**TASK PROMPT:**
Instruction for the entries below: return the part that opens with the line containing "Nr. crt.JudețNumăr terenuriNr." and closes with the line containing "早前,@六安發(fā)布 微", exactly, and no pictures.

[Stored entries]
——————

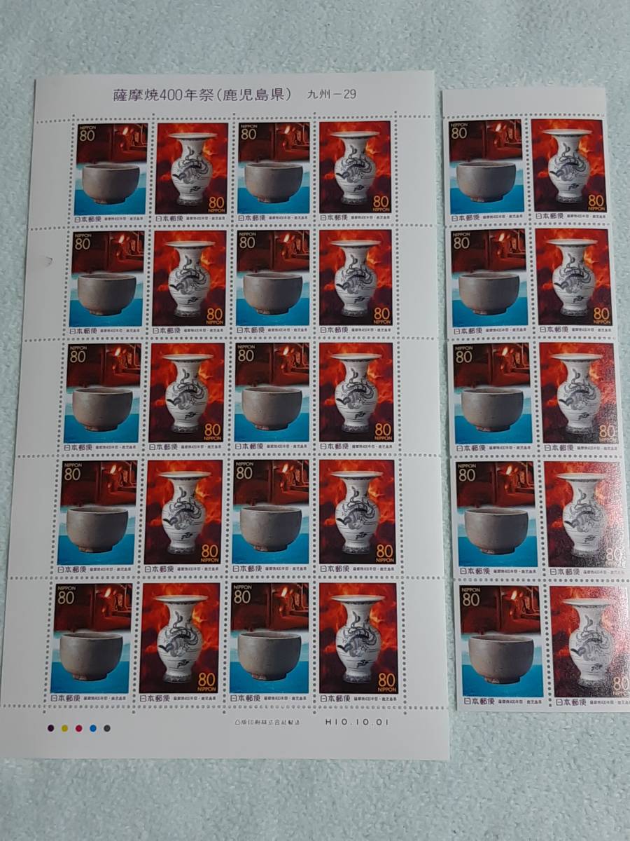 ふるさと切手 薩摩焼400年祭(鹿児島県)九州-29 H10 切手シート1枚と10枚シート
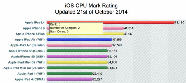 根据 Primate Labs 的创始人 John Poole,图片中的结果真实性很高。iPad Air 2 将搭载三核 A8X 处理器,主频为1.5GHz,配合2GB 运行内存。iPhone 6 和 6 Plus 中的 A8 处理器主频要比 A8X 慢100MHz,而 iPad Air 2的单核模式性能跑分结果要比 iPhone 6 和 6 Plus 高13%,多核性能跑分要比 iPhone 系列高55%。
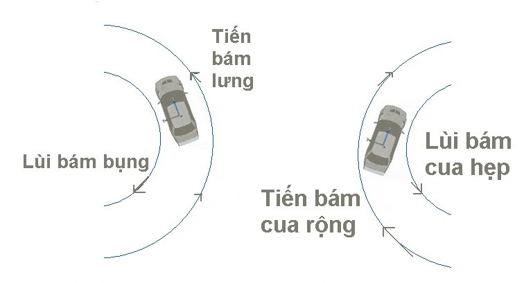 Ngược lại, khi lùi cần bám sát vào đường cong hẹp để tạo cho phần đầu xe góc lùi lớn hơn, bánh trước không bị chèn ra ngoài. Việc tiến bám lưng còn giúp chúng ta khi lái xe ở những đoạn đường cong, đèo dốc không bị đè vạch, nhất là đối với những chiếc xe dài.
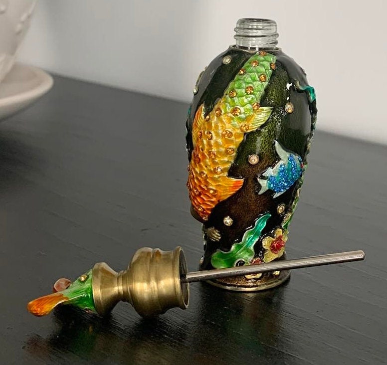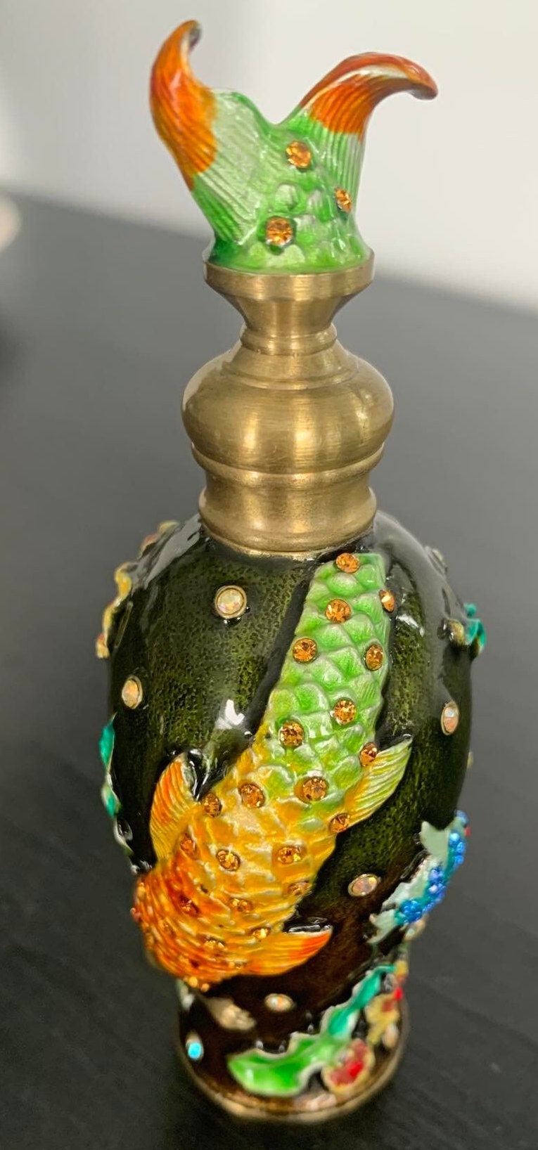 Enameled and Jeweled Koi Fish Perfume Scent Bottle
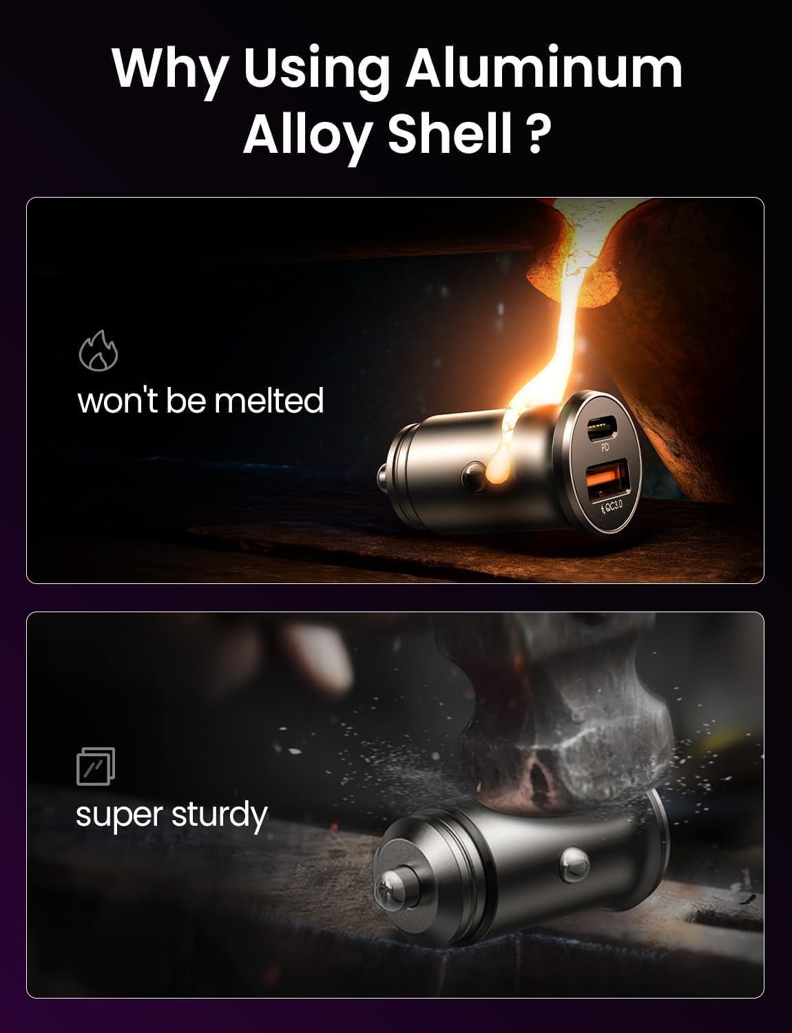 🔹 ALL-ALUMINUM SHELL, WON’T MELT: Built with a solid aluminum alloy body, this 12V car charger USB C ensures 15% better heat dissipation than plastic chargers — no melting, no overheating, and no burning smell. The sleek metallic finish elevates your car interior while providing unmatched durability. Ideal for car, truck, SUV, and RV use.
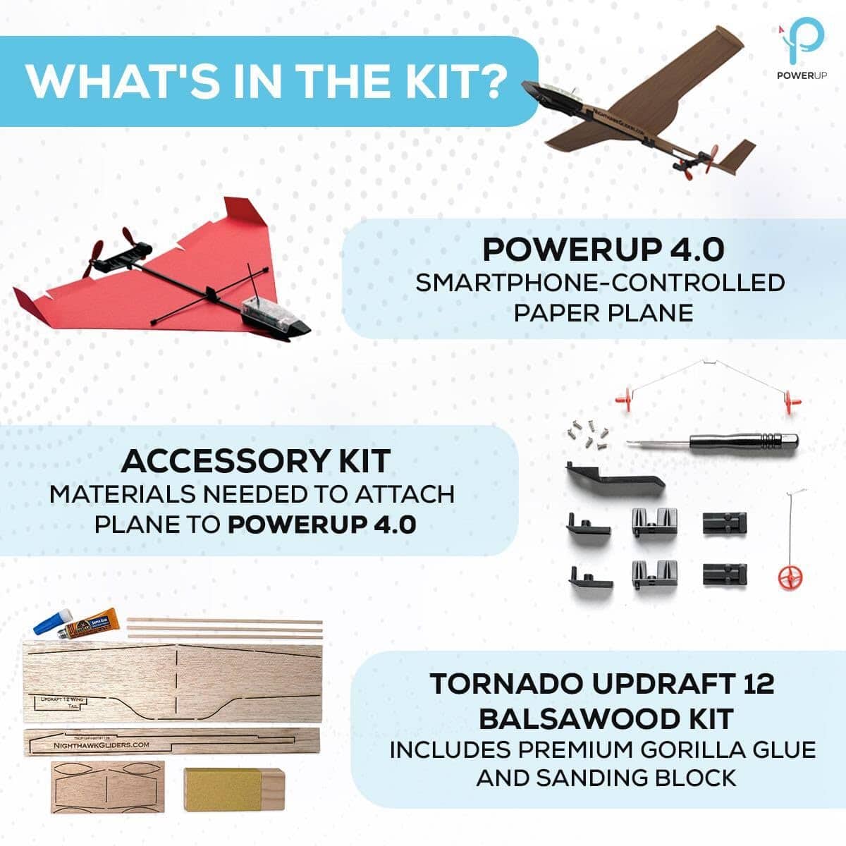 2. PLANEADOR DE MADERA DE BALSA – Conocido por su alta calidad y rendimiento, el kit de avión de madera de balsa Tornado Updraft 12 tiene una característica de vuelo rápido y maniobrable. ¿Quieres ver volar tus planeadores de madera de balsa por más de unos segundos? ¡Combina nuestro planeador con el POWERUP 4.0 controlado por smartphone y tu planeador volará por hasta 10 minutos!
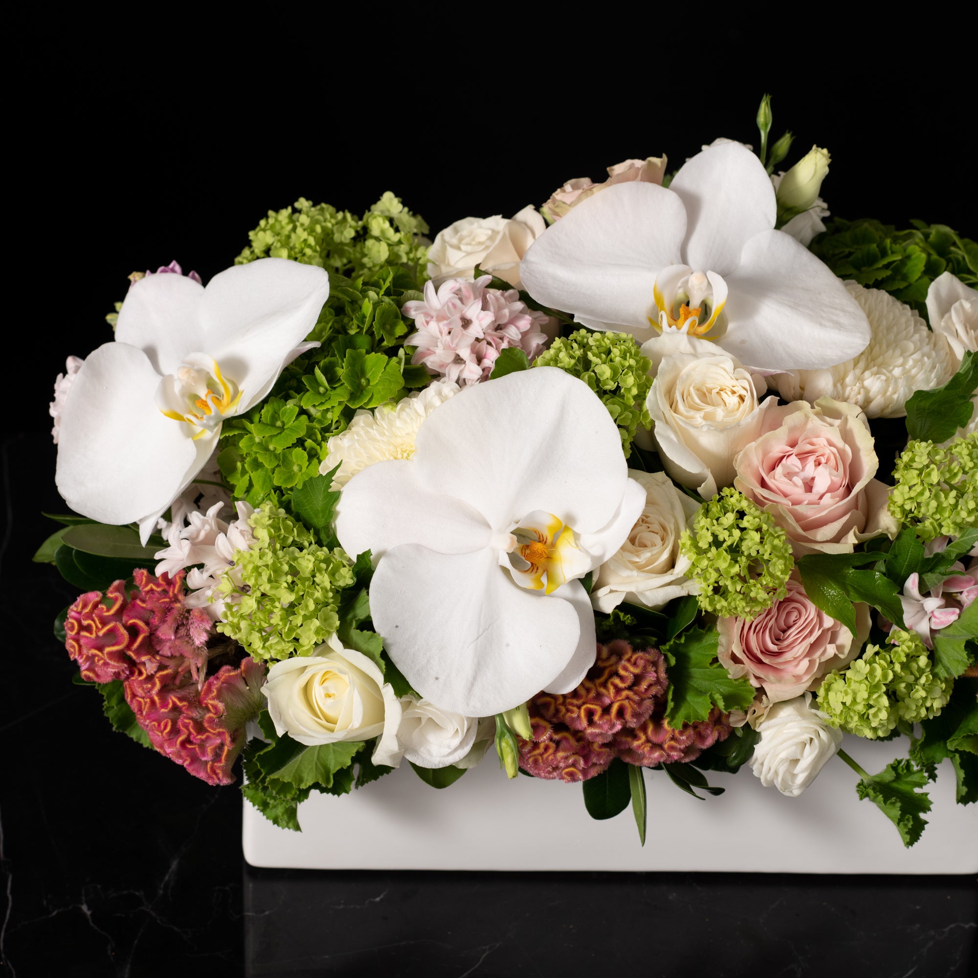 *Arrangement pictured is the Grandiose size. Flowers, containers and colors subject to availability and season.
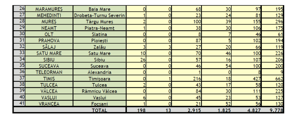 Nr. crt.JudețNumăr terenuriNr. Unități IndividualeTotal Imobile
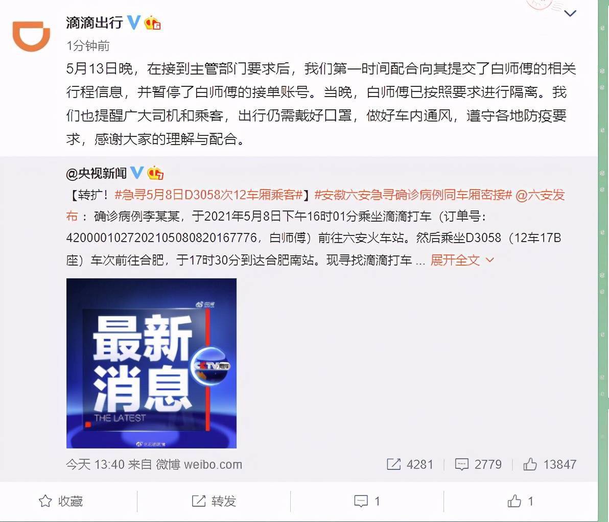 早前,@六安發(fā)布 微博通報,六安市裕安區(qū)疫情防控應(yīng)急指揮部辦公室公告稱,確診病例李某某,于2021年5月8日下午16時01分乘坐滴滴打車(訂單號:4200001027202105080820167776,白師傅)前往六安火車站。然后乘坐D3058(12車17B座)車次前往合肥,于17時30分到達合肥南站。
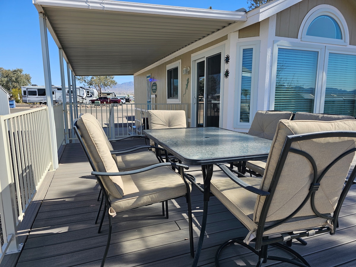 780 sq ft of private indoor space; a place to call home in Havasu. Perfect for a romantic getaway or quiet relaxation! Comfy King bed in the bedroom, a full-sized murphy bed in the living room, kitchen, dining area, flat screen TV, fast WIFI, air conditioning, tiled walk-in shower. Shared outside patio/pool/hot tub and putting green. -Sparkling HEATED Pool and Hot Tub -Mini putting green for fun and laughter. We have clubs and golf balls. -Many Comfortable outdoor seating areas.

——————

**SOLUTION FOR THIS PROBLEM:**
 Nr. crt.JudețNumăr terenuriNr. Unități IndividualeTotal Imobile
 早前,@六安發(fā)布 微博通報,六安市裕安區(qū)疫情防控應(yīng)急指揮部辦公室公告稱,確診病例李某某,于2021年5月8日下午16時01分乘坐滴滴打車(訂單號:4200001027202105080820167776,白師傅)前往六安火車站。然后乘坐D3058(12車17B座)車次前往合肥,于17時30分到達合肥南站。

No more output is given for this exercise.